The recent development of spatial transcriptomics (ST) biotechnologies, such as CosMx and Xenium machines released in December 2022, has shown great potential for the improvement of cancer diagnosis and treatment; see [1] and the review article [2]. The CosMx machine, i.e., CosMx Spatial Molecular Imager, produces data consisting of images of tissues and cells, as well as gene expression at the single-cell level with detailed spatial location information which can be processed into single-cell ST data $(C,x,y)$ with C as cell type and $(x,y)$ as its spatial location [1]. The earlier generation of, or something similar to, single-cell ST data, such as CODEX [3], Visium [4], GeoMx (started in 2019; see [5]), etc., does not offer the same data information as CosMx. For instance, CODEX only focuses on protein markers, which gives data with many fewer analytes than ST data produced by the CosMx machine, though also can be processed into the same data form $(C,x,y)$; see [6,7], etc. Visium and GeoMx data provide the average information of many cells in a given area, but not at the single-cell level; see the review papers [6,8,9,10], among others.

For the general version of ST data, i.e., the data with gene expression (not single-cell type) and spatial location, numerous computational and statistical methods have been developed to detect the “Spatial Domain” which contains cells with similar gene expression profiles; see papers [11,12,13], among others.
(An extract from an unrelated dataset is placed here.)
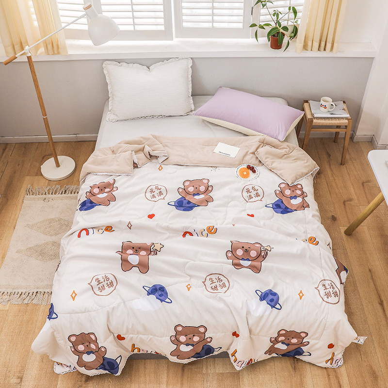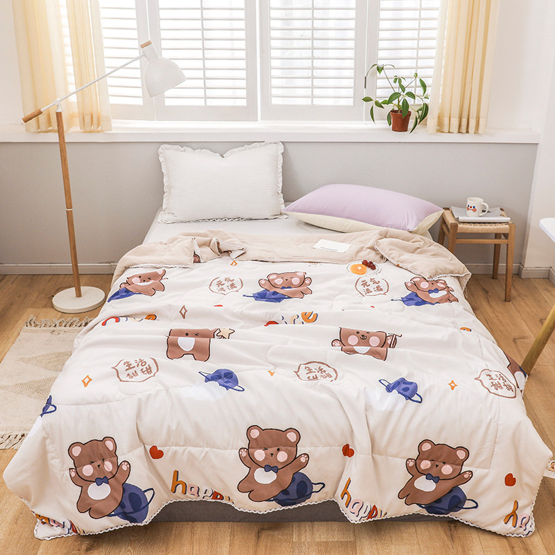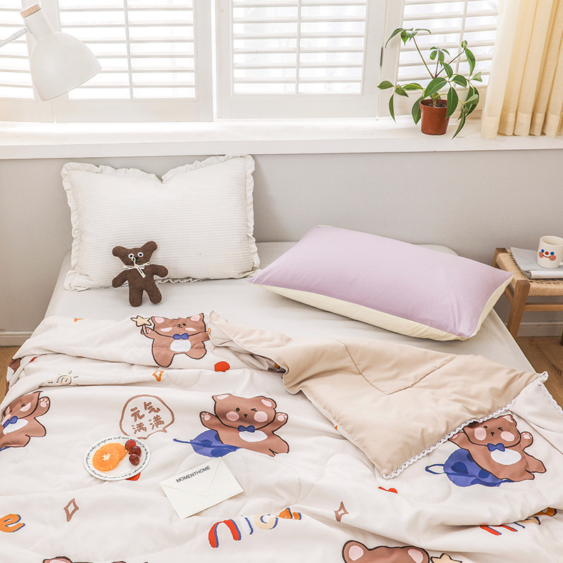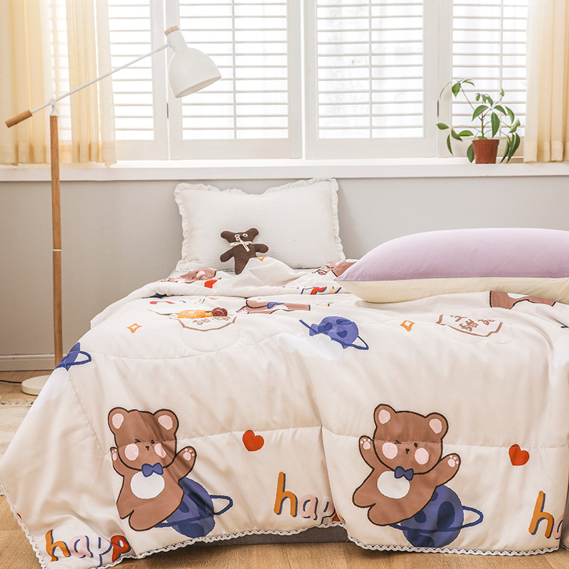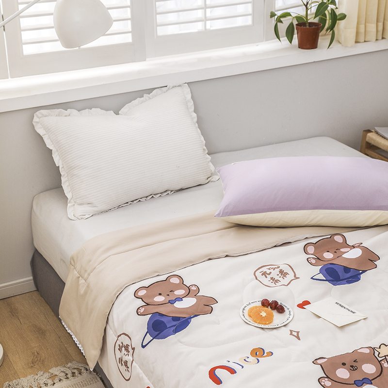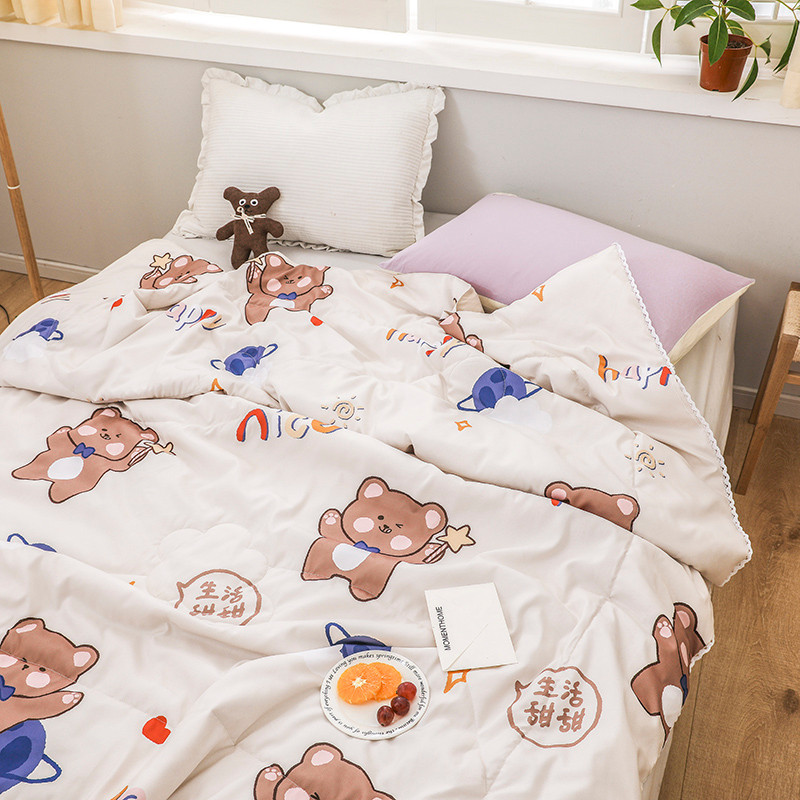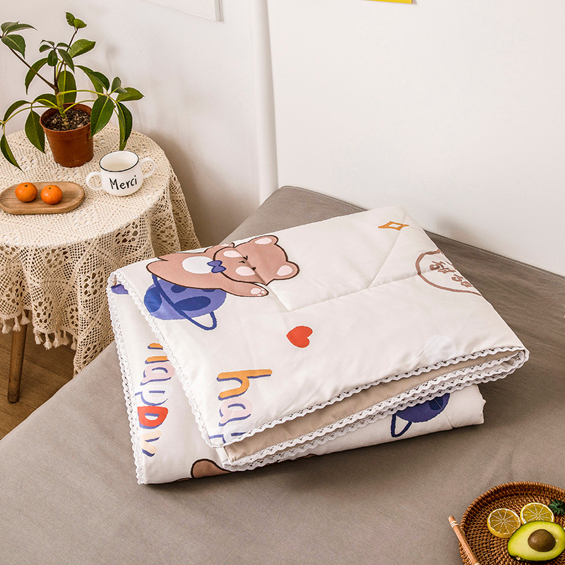 寐居 2022新款亲肤小花边水洗棉单夏被 玩具熊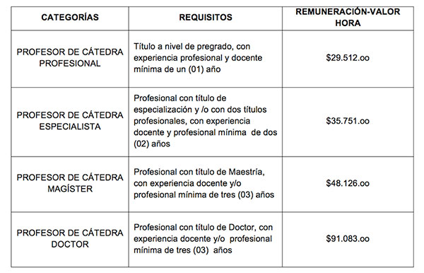 NOTA: Los profesores de cátedra, no forman parte de la carrera profesoral de la Universidad. (Artículo 19, Parágrafo Primero, Estatuto Profesoral).

For data with cell type and spatial location, i.e., data $(C,x,y)$ with C as cell type and $(x,y)$ as its spatial location, various “Cellular Neighborhood” (CN) methods have been developed to identify clusters, each having a unique composition of cell types, which are based on the kNN or modified kNN compositional matrix and clustering methods; see [11,14,15,16], among others. Due to data structure differences, Bhate et al. [14] pointed out that CNs are not the same as spatial domains. The methods for network-based “Community” detection have been developed for matrix obtained from symmetric network; see [17,18], among others. However, none of these works is applicable or suitable for the huge dataset from above mentioned very recent single-cell ST data produced by CosMx and Xenium.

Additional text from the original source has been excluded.